Ban of fireworks misdirected
For all the reasons to justify banning the public sale of fireworks, it seems that many have missed the point. The issue is primarily where and when fireworks are used and secondly who buys them and why.
Over the years, firecrackers, skyrockets, and Catherine wheels were banned. Age restrictions were implemented (currently 18+). Yet, throughout the country, firefighters and emergency departments are rushed off their feet for the weeks following the four days that fireworks are sold.
The narrow window that fireworks sales are allowed is inane when so many stockpile fireworks to use throughout the year for New Year’s celebrations, birthdays, and weddings.
Many idiots get their buzz from taking risks with lighting fireworks rather than watching a public display. They are also more likely to set off fireworks randomly throughout the year at odd hours to create a nuisance.
Most animal owners have no reasonable way to take preventative measures. On the urban fringe or amongst lifestyle blocks, fireworks around a larger number of predominantly larger animals can have seriously detrimental effects. In built-up residential areas, pets can be left shell-shocked.

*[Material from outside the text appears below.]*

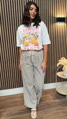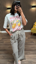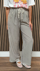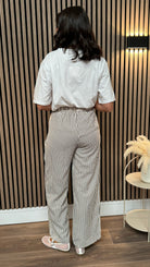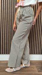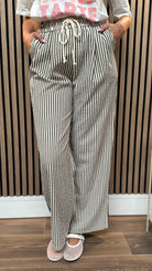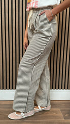Get ready to slay in these Vanessa Black & Cream Stripe Straight Leg Trousers! With an elasticated and drawstring waist, comfort and style go hand in hand. Perfect for a day at the office or a night out with the squad! 🌟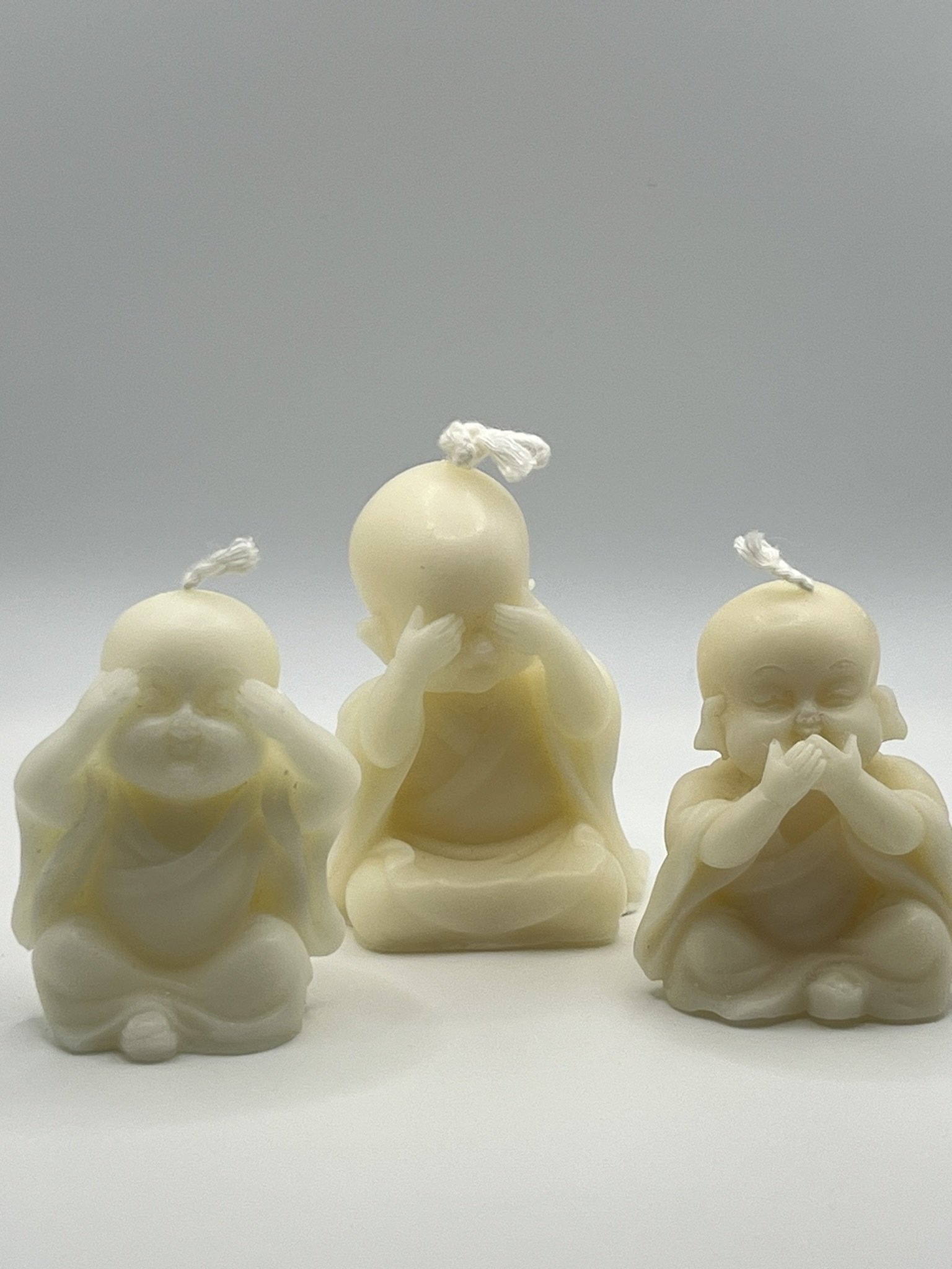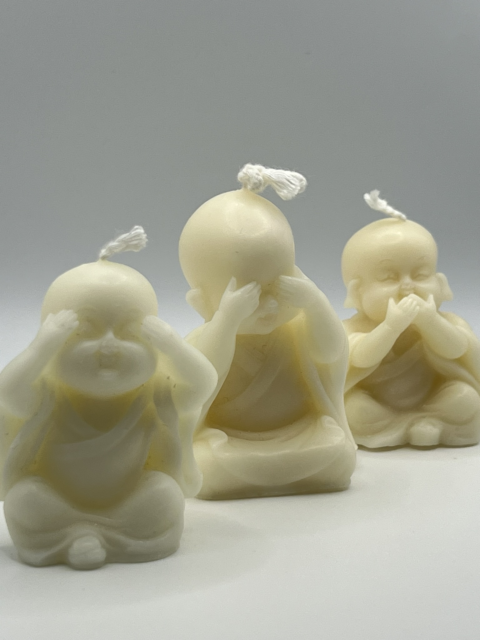 Chaque bougie est méticuleusement conçue pour représenter un Bouddha différent, symbolisant les trois principes fondamentaux de la sagesse : « Voir le Bien », « Entendre le Bien » et « Parler le Bien ». Ces figures emblématiques apportent une ambiance apaisante et invitent à la méditation, tout en décorant élégamment votre espace de vie.

Auckland Council’s website is vague on the topic of fireworks-related nuisance. An idiot who decides to let off fireworks at 1am on a Monday morning during Winter for no other reason than waking up the neighbourhood and scaring animals should be fined and have their fireworks confiscated. Yet, from countless examples, Auckland Council lets these idiots off the hook even after multiple warnings.
Auckland Council won’t enforce its existing nuisance bylaws and now wants to ban the sale of fireworks. Guess where idiots will buy them from instead?
The collection of fines is meant to cover the social cost, yet we aren’t seeing them handed out. Instead, the ratepayer subsidises gormless noise abatement officers.
Conversely, a ratepayer-funded public display could reduce the number of noise complaints, especially if there was a total ban on private fireworks use.
The list of reasons why fireworks are sold and why people buy them seems to be shrinking with each year.
Burning Guy Fawkes in effigy on a bonfire (even though he was hung, drawn, and quartered for his role in the Gunpowder Plot) ironically celebrates the plot’s failure to kill King James I. In Canberra, however, fireworks are only allowed to celebrate Queen’s Birthday weekend.
Fireworks were banned twice during the event’s UK history for safety reasons. Today, fireworks aren’t permitted to be set off between 11pm and 7am, except New Year, Bonfire Night (5 November), the Chinese New Year and Diwali.
If the increasing number of public displays fulfil some public need to celebrate this event, then is there an unfulfilled need to sell fireworks to the public? Who are these unfulfilled people?
Should fireworks and those who buy them be stigmatised? The Fire Service and emergency departments certainly think they should be, treated like burnouts and other anti-social behaviour.
So maybe the most effective means to address the social costs of fireworks is to ban their public sale throughout the country because everything else hasn't worked.